▸ **Task directions**
Given the records below, the lines starting at the line with "STEINHUDE (tau). Die" and ending at the line with "Children wait to" should be output exactly, both end lines kept and pictures left out.
==== Data shown
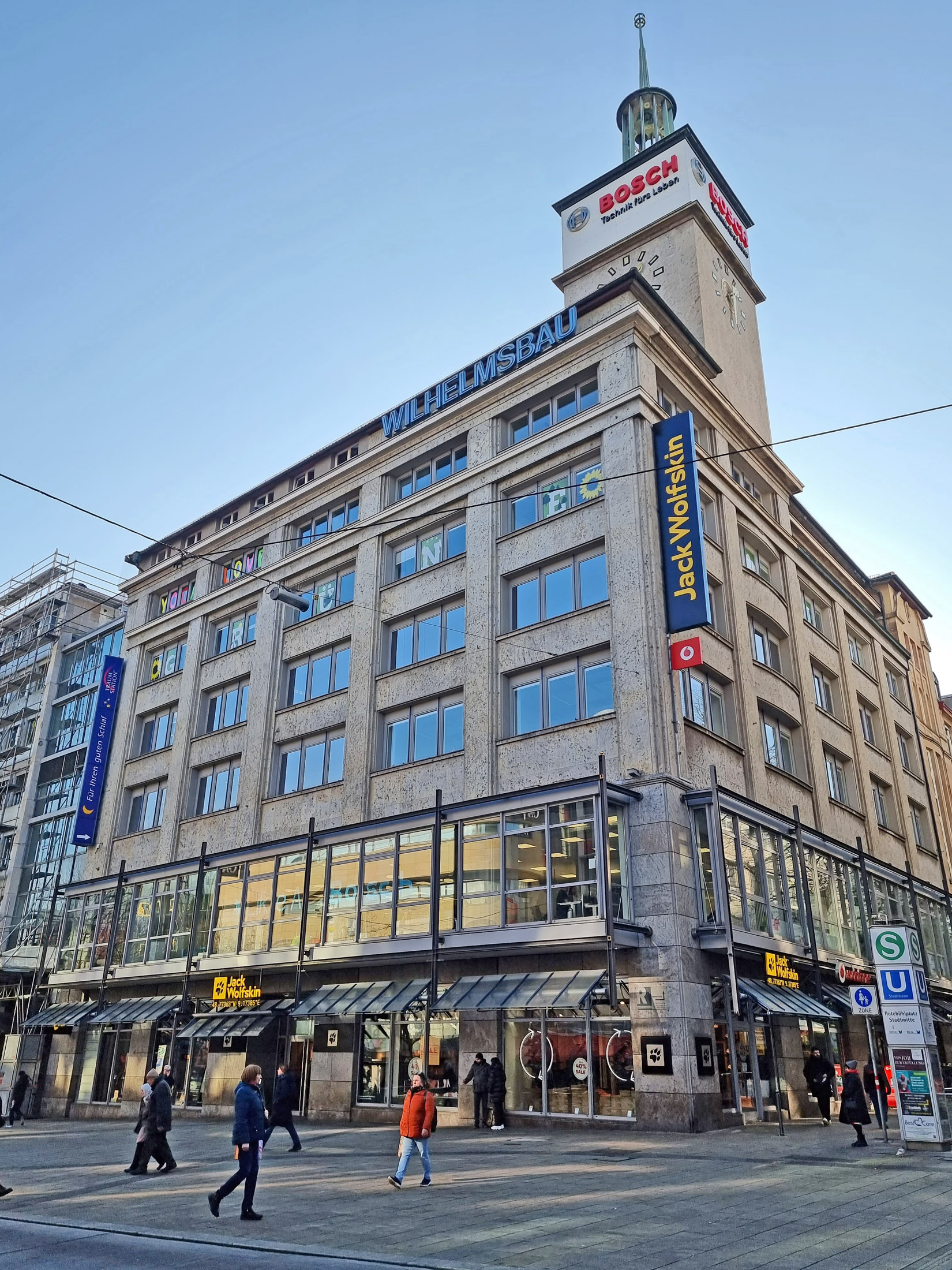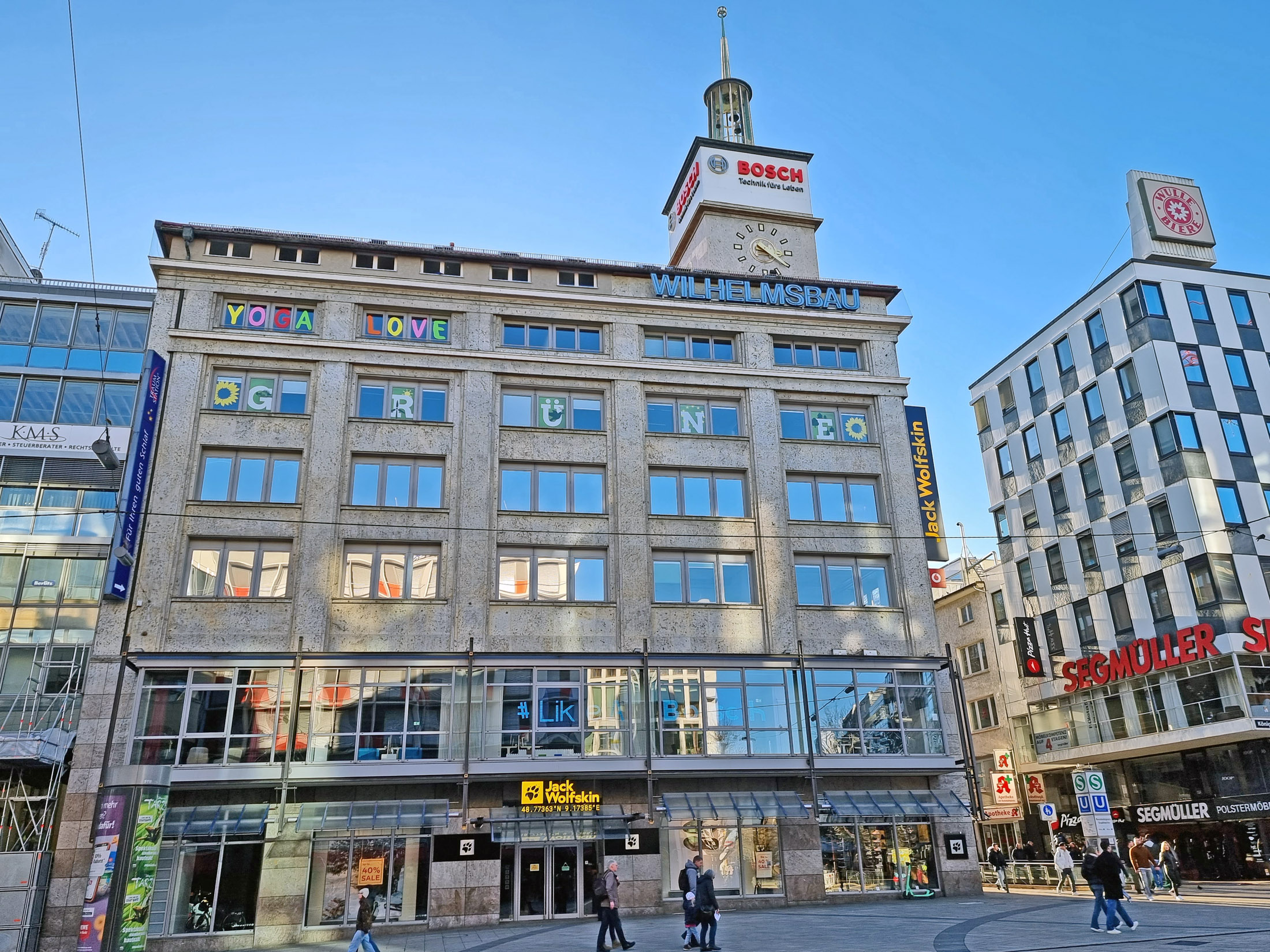 Bilder oben: der Hindenburg-Bau befindet sich am Arnulf-Klett-Platz gegenüber dem Hauptbahnhof.
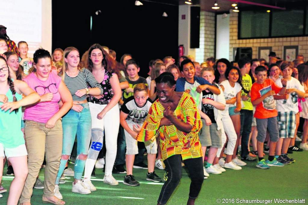 STEINHUDE (tau). Die Graf-Wilhelm-Schule (Weltethosschule) hat zusammen mit 120 Schülern der Evangelischen IGS Wunstorf ein gemeinsames Weltethosprojekt veranstaltet. Die Initiative Black&White e.V. kam für zwei Tage nach Steinhude und übte mit den Schülern Tänze und Gesang. Aber nicht nur das. Gemeinsam sprachen Schüler und Gäste über Afrika, Menschenrechte, Gerechtigkeit und die Fairness bei der Pflege internationaler Beziehungen. Die Schüler erfuhren auf diese Weise, welche Verbrauchsgüter aus Afrika das tägliche Leben hier begleiten, welche Sprachen und Musikinstrumente es gibt, wie das afrikanische Leben aussieht und wie Sklavenhandel, Kolonialisierung und die heutige Weltordnung den Kontinent geprägt haben.
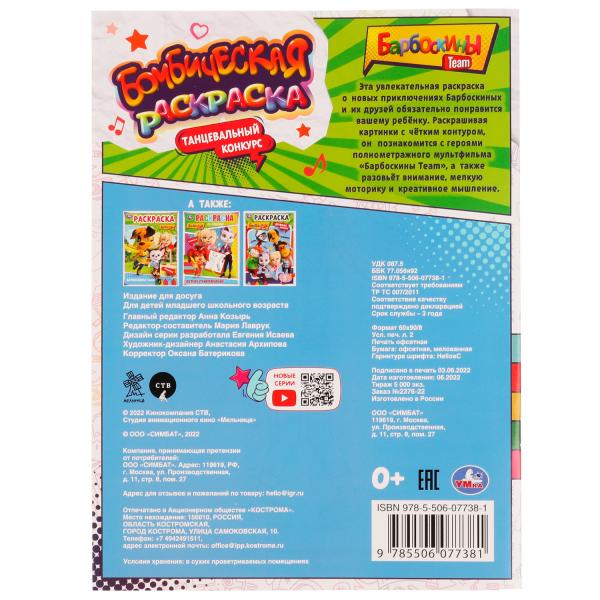 Книга "Танцевальный конкурс. Барбоскины. Раскраская Бомбическая. 214х290мм. 16 стр. Умка в кор.50шт". Iздательство: Умка. Point de passage : 16.
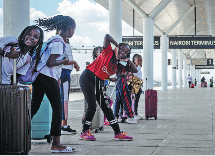 Children wait to board a train of the Mombasa-Nairobi Standard Gauge Railway in Nairobi, Kenya, in October. (WANG GUANSEN/XINHUA)
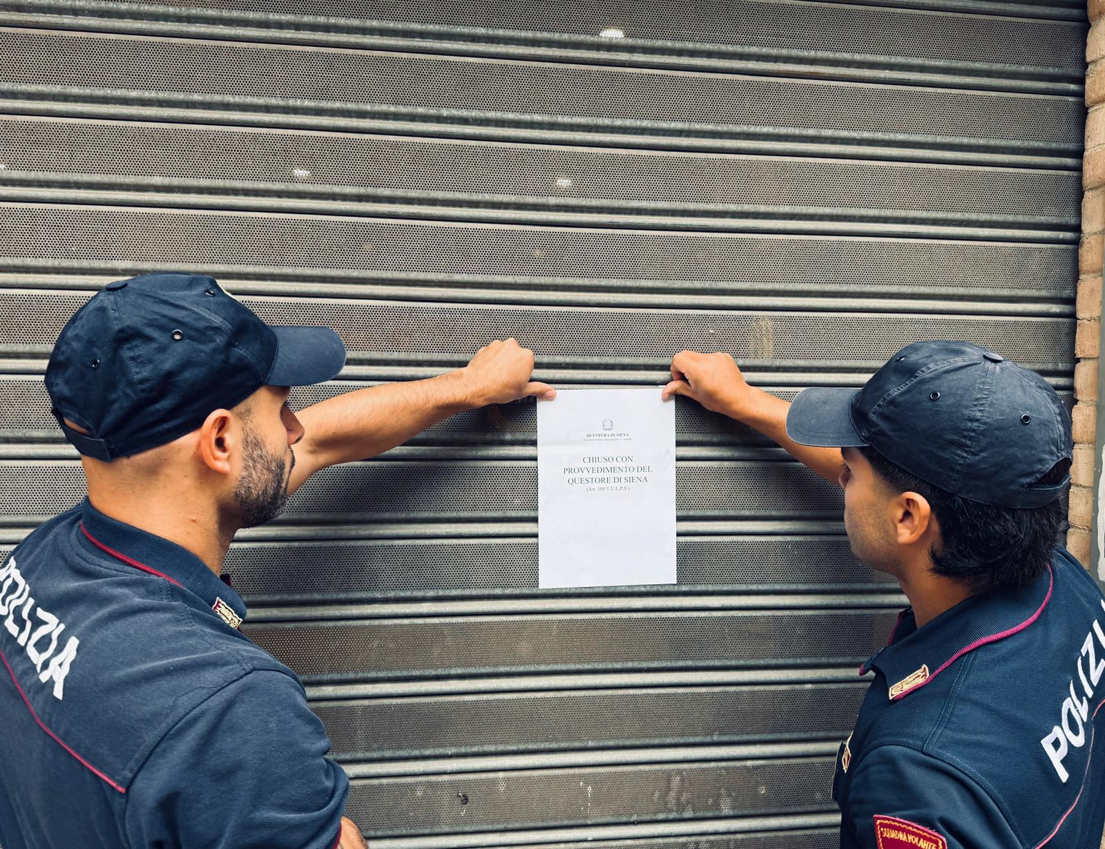 Dopo gli arresti e le denunce della Polizia di Stato di Siena, avvenuti nei giorni scorsi a conclusione delle indagini svolte dalla Squadra Mobile, il Questore Ugo Angeloni ha chiuso il bar dove avveniva l’attività di spaccio.
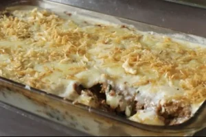 - Leve para assar em forno pré-aquecido a 180°C, por cerca de 35-40 minutos, ou até estar douradinho por cima (faça o teste do palito, se sair limpo, está assado).
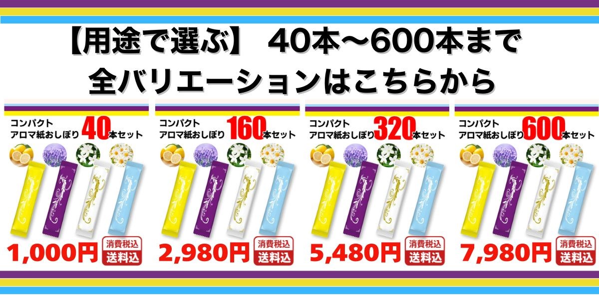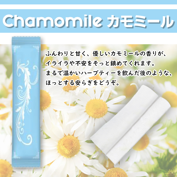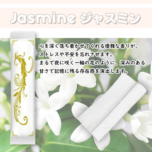 カラーと香りは白(ジャスミン)、黄(レモン)、水色(カモミール)、紫(ラベンダー)の4種類をご用意。
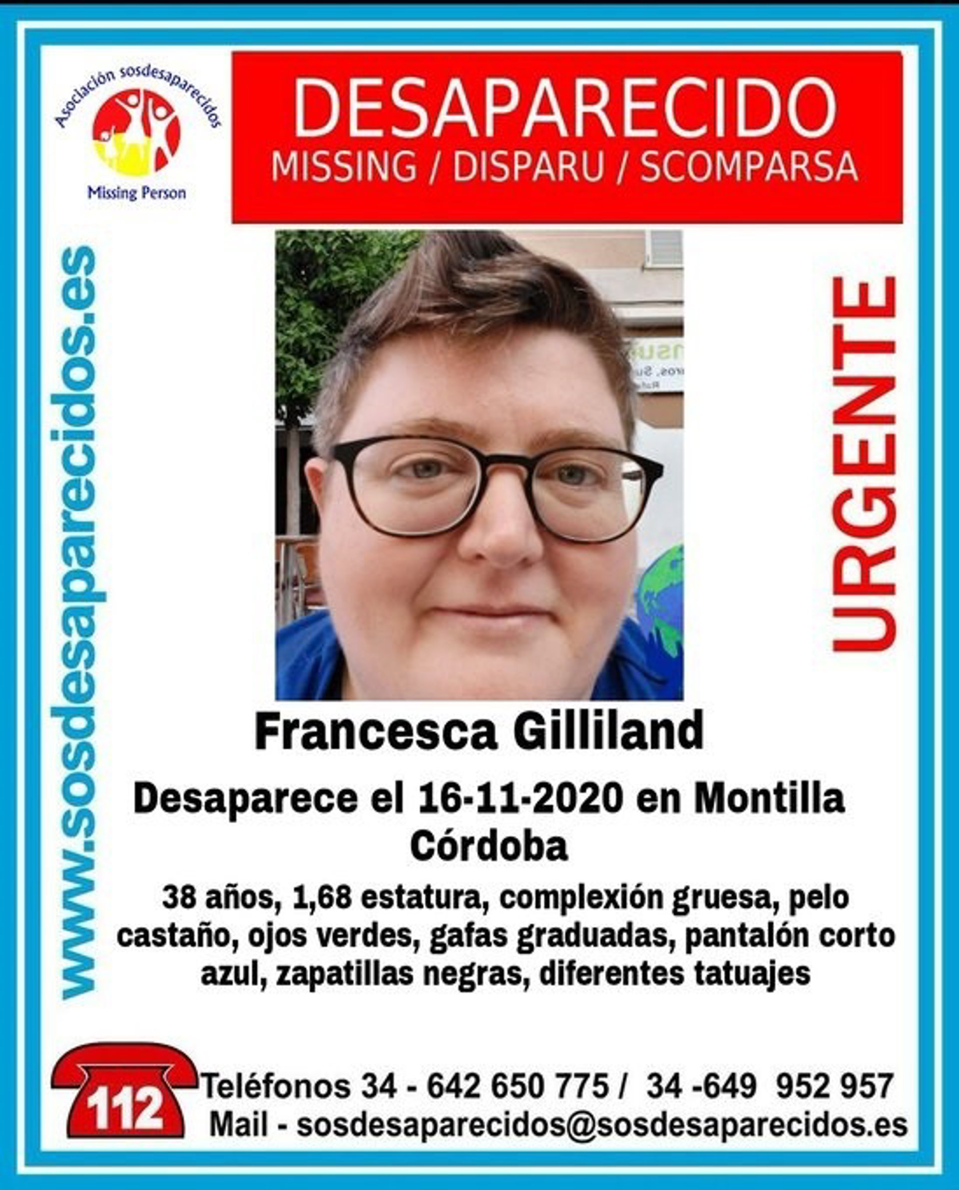 La Guardia Civil de Córdoba ha informado de que, tras tener conocimiento este lunes de la desaparición de Francesca Gilliland, una mujer de 38 años de la que se perdió la pista de su paradero en el municipio cordobés de Montilla, ha establecido un dispositivo de búsqueda en la localidad y alrededores de la misma en el que se integraron, además de guardias civiles, Policía Local y efectivos de Protección Civil con perros adiestrados en la búsqueda de personas, Cruz Roja y varios voluntarios.
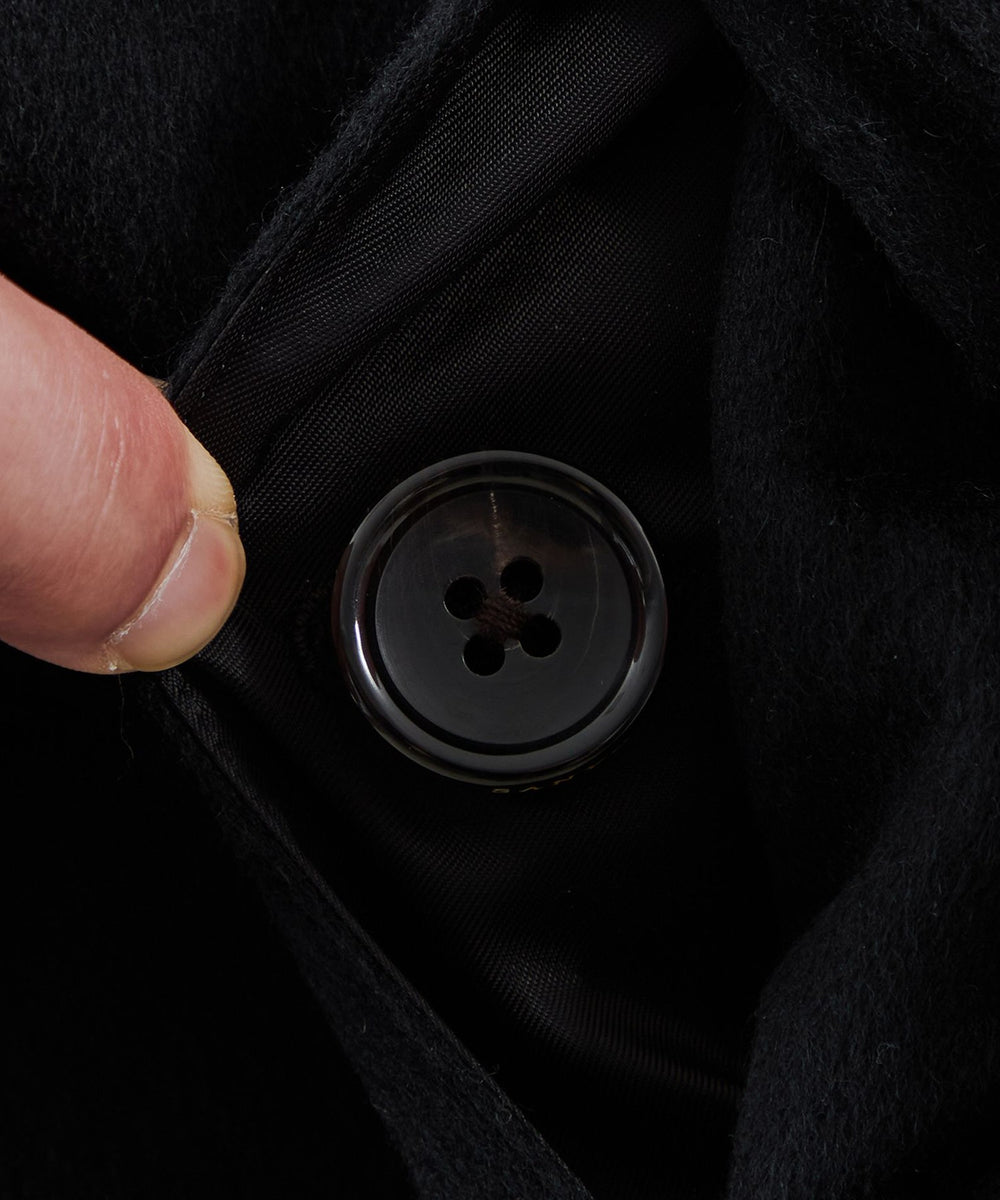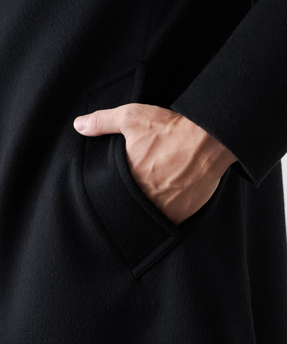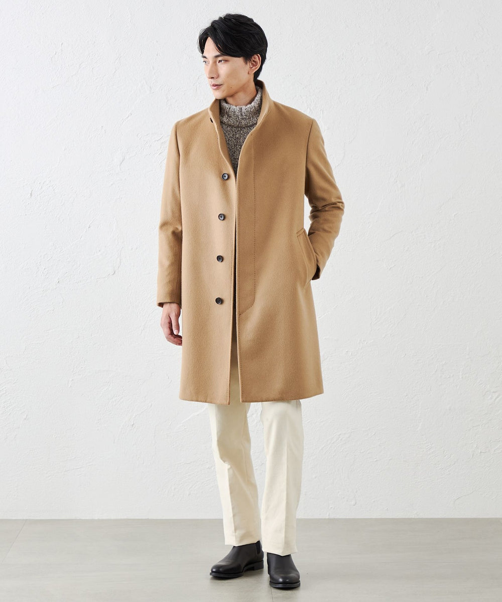 カシミヤ混ウール生地が本来持つ美しくリッチな風合いを損なうことなく、“耐久はっ水”の高機能を兼ね備えた開発素材「Rain Wool (R)」を使用。
========
▸ **Answer to this task**
 STEINHUDE (tau). Die Graf-Wilhelm-Schule (Weltethosschule) hat zusammen mit 120 Schülern der Evangelischen IGS Wunstorf ein gemeinsames Weltethosprojekt veranstaltet. Die Initiative Black&White e.V. kam für zwei Tage nach Steinhude und übte mit den Schülern Tänze und Gesang. Aber nicht nur das. Gemeinsam sprachen Schüler und Gäste über Afrika, Menschenrechte, Gerechtigkeit und die Fairness bei der Pflege internationaler Beziehungen. Die Schüler erfuhren auf diese Weise, welche Verbrauchsgüter aus Afrika das tägliche Leben hier begleiten, welche Sprachen und Musikinstrumente es gibt, wie das afrikanische Leben aussieht und wie Sklavenhandel, Kolonialisierung und die heutige Weltordnung den Kontinent geprägt haben.
 Книга "Танцевальный конкурс. Барбоскины. Раскраская Бомбическая. 214х290мм. 16 стр. Умка в кор.50шт". Iздательство: Умка. Point de passage : 16.
 Children wait to board a train of the Mombasa-Nairobi Standard Gauge Railway in Nairobi, Kenya, in October. (WANG GUANSEN/XINHUA)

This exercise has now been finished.